Bayesian Learning
Generalized Correspondence-LDA Models (GC-LDA) for Identifying Functional Regions in the Brain
Timothy Rubin, Oluwasanmi O. Koyejo, Michael N. Jones, Tal Yarkoni
This paper presents Generalized Correspondence-LDA (GC-LDA), a generalization of the Correspondence-LDA model that allows for variable spatial representations to be associated with topics, and increased flexibility in terms of the strength of the correspondence between data types induced by the model. We present three variants of GC-LDA, each of which associates topics with a different spatial representation, and apply them to a corpus of neuroimaging data. In the context of this dataset, each topic corresponds to a functional brain region, where the region's spatial extent is captured by a probability distribution over neural activity, and the region's cognitive function is captured by a probability distribution over linguistic terms. We illustrate the qualitative improvements offered by GC-LDA in terms of the types of topics extracted with alternative spatial representations, as well as the model's ability to incorporate a-priori knowledge from the neuroimaging literature. We furthermore demonstrate that the novel features of GC-LDA improve predictions for missing data.

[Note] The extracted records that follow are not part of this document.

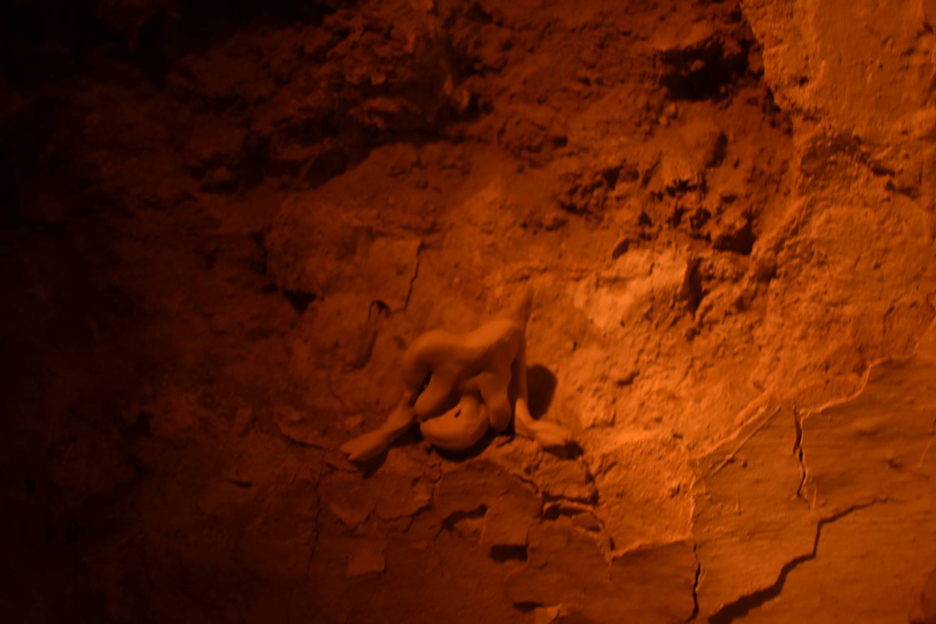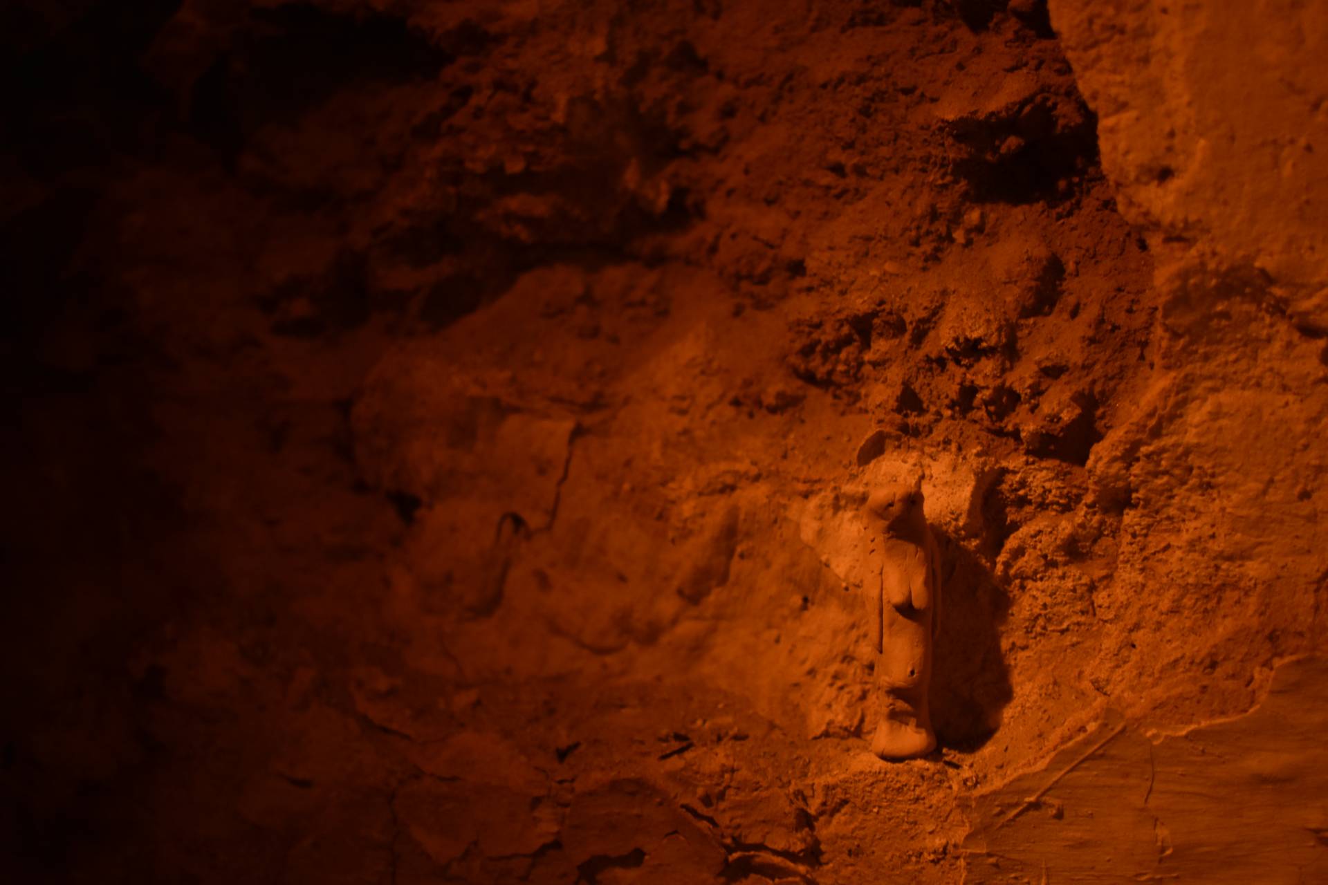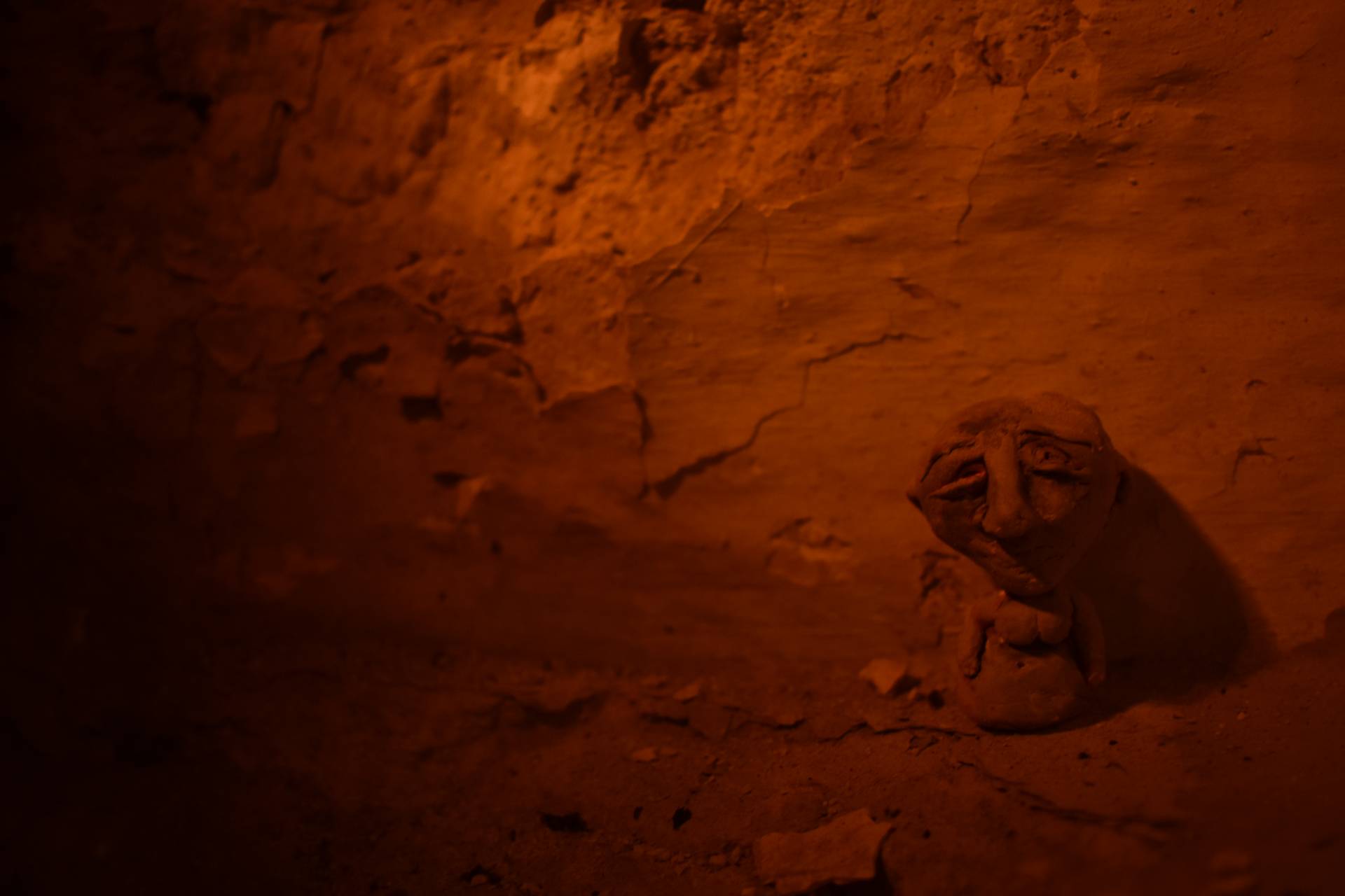 Series of clay statues, photographed in the Caves of Granada, Spain
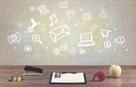 Social media online communication concept with icons and close up of business office desk full of work equipement
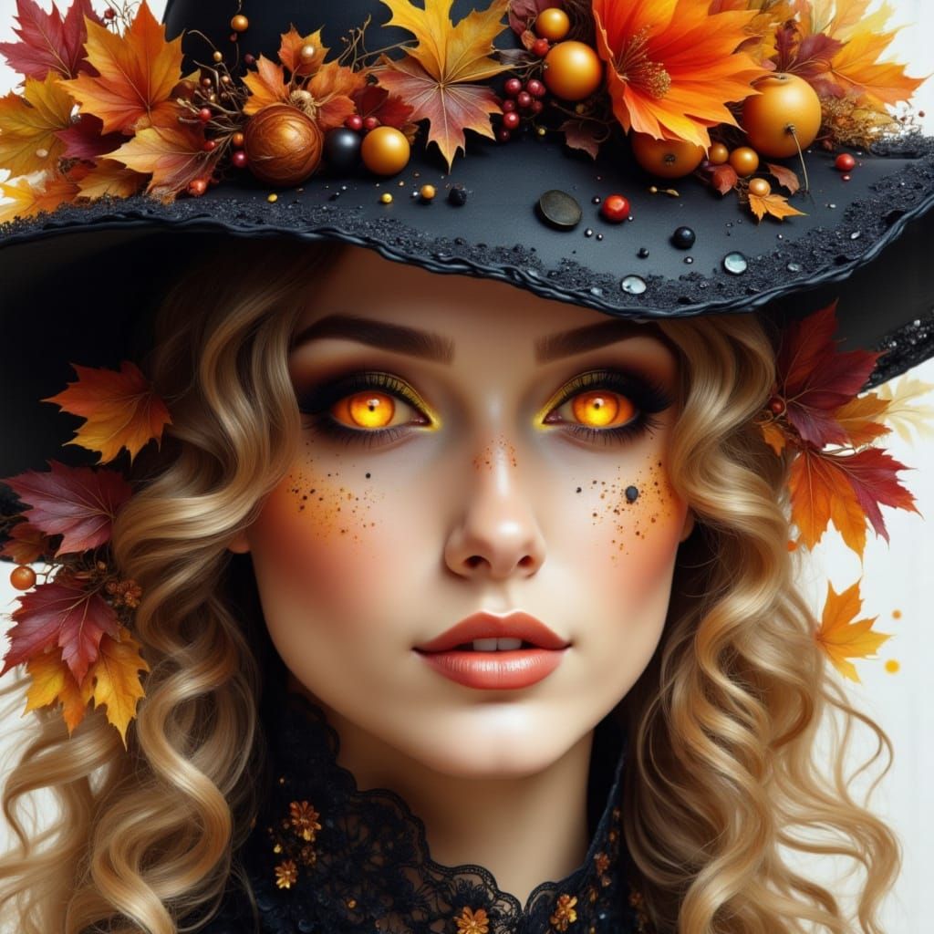 This image features a detailed close-up of a figure in an autumn witch outfit and hat, set against a soft watercolor background.

Tractable Operations for Arithmetic Circuits of Probabilistic Models
Yujia Shen, Arthur Choi, Adnan Darwiche
We consider tractable representations of probability distributions and the polytime operations they support. In particular, we consider a recently proposed arithmetic circuit representation, the Probabilistic Sentential Decision Diagram (PSDD). We show that PSDDs support a polytime multiplication operator, while they do not support a polytime operator for summing-out variables. A polytime multiplication operator makes PSDDs suitable for a broader class of applications compared to classes of arithmetic circuits that do not support multiplication. As one example, we show that PSDD multiplication leads to a very simple but effective compilation algorithm for probabilistic graphical models: represent each model factor as a PSDD, and then multiply them.
A Probabilistic Programming Approach To Probabilistic Data Analysis
Feras Saad, Vikash K. Mansinghka
Probabilistic techniques are central to data analysis, but different approaches can be challenging to apply, combine, and compare. This paper introduces composable generative population models (CGPMs), a computational abstraction that extends directed graphical models and can be used to describe and compose a broad class of probabilistic data analysis techniques. Examples include discriminative machine learning, hierarchical Bayesian models, multivariate kernel methods, clustering algorithms, and arbitrary probabilistic programs. We demonstrate the integration of CGPMs into BayesDB, a probabilistic programming platform that can express data analysis tasks using a modeling definition language and structured query language. The practical value is illustrated in two ways. First, the paper describes an analysis on a database of Earth satellites, which identifies records that probably violate Kepler's Third Law by composing causal probabilistic programs with nonparametric Bayes in 50 lines of probabilistic code. Second, it reports the lines of code and accuracy of CGPMs compared with baseline solutions from standard machine learning libraries.